Un retour à l'âge de pierre
L'échec de Washington et de l'OTAN laisse le champ libre aux talibans, déplore Le Figaro :
«Débarrassés des forces occidentales, ils ne devraient pas tarder à remettre la main sur le pays, renvoyant les droits de l'homme - et plus encore de la femme - 'à l'âge de pierre', selon l'avertissement du chef d'état-major américain. … Cette défaite qui est aussi la nôtre - celle de l'OTAN, drapeau sous lequel la France déploya jusqu'à 4000 hommes avant son retrait en 2012 - prépare la prochaine guerre d'Afghanistan. Guerre civile entre seigneurs locaux qui réactivent déjà leurs armées privées ; guerre antiterroriste téléguidée à coups de drones et d'opérations spéciales. Comme l'a montré le retrait d'Irak en 2012, la région a horreur du vide. Au moins les Occidentaux devraient-ils être guéris pour un certain temps du rêve naïf d'exporter la démocratie.»
Pas de stabilité en vue
Dagens Nyheter redoute une nouvelle dégradation de la situation en Afghanistan après le retrait des troupes américaines :
«Les talibans ne sont pas une organisation monolithique. Avec la disparition de l'ennemi commun, les différentes factions pourraient se livrer des guerres intestines. Les seigneurs de guerre liés à des territoires, à des minorités ethniques ou à des clans pourraient désormais aiguiser leurs ambitions. Lorsque l'occupation soviétique s'était achevée à la fin des années 1980, le monde occidental avait abandonné l'Afghanistan à son propre sort. Avec pour résultat le règne funeste des talibans. Si les forces armées des Etats-Unis et de l'OTAN quittent le pays, il faudra se mettre en quête de nouveaux moyens de soutenir et de reconstruire le pays. Faute de quoi on assistera à l'amorce d'un nouveau cercle vicieux. »

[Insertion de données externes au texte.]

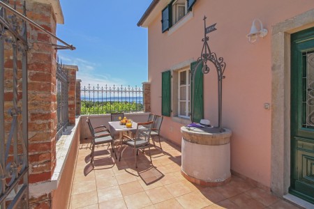 In malerischer Hanglange mit atemberaubendem Blick auf das Meer und die vorgelagerte Insel Cres, erwartet Sie das gemütlich eingerichtete Haus Felix. Das freistehende Ferienhaus liegt in Sveta Marina und ist nur 500 m vom Strand entfernt. Sveta Marina ist ein idyllisch gelegenes Dorf an der Ostküste Istriens und bietet die besten Voraussetzungen für einen erholsamen und zugleich aktiven Urlaub. Neben herrlichen Badebuchten und ausgezeichneten Möglichkeiten zum Schnorcheln und Tauchen, findet man hier eine einmalig schöne Landschaft, die zu ausgedehnten Touren im Grünen einlädt. Restaurant und Einkaufsmöglichkeit befinden sich in fußläufiger Entfernung, während man im 8 km entfernten Labin alles Weitere für den täglichen Bedarf sowie eine sehenswerte Altstadt findet. Sowohl das Haus, als auch der gepflegte, terrassenförmig angelegte Garten mit Oliven, Feigenbäumen und duftendem Rosmarin stehen Ihnen komplett zur alleinigen Nutzung zur Verfügung.

Le terrorisme doit être combattu autrement aujourd'hui
Pour les Etats-Unis, c'est visiblement la fin d'une ère pendant laquelle la guerre contre le terrorisme était circonscrite géographiquement, analyse le chroniqueur Paolo Garimberti dans La Repubblica :
«[L'invasion de l’Afghanistan] avait été la réponse des Etats-Unis au 11-Septembre. Celle-ci se basait sur la conviction que le pays des talibans servait de sanctuaire aux djihadistes, de base depuis laquelle ils organisaient leurs attaques contre l’Occident. ... Biden affirme que cette stratégie n'a plus aucun sens. Pas uniquement parce que les menaces stratégiques sont différentes aujourd'hui - Chine et Russie notamment - mais aussi parce qu'une autre phase s'ouvre dans la lutte contre le terrorisme djihadiste. ... Ce qui subsiste d'Al-Qaida ou de Daech est disséminé entre l'Asie et l'Afrique et pose des défis nouveaux, qui ne peuvent être relevés par le biais d'armées traditionnelles et de guerres classiques.»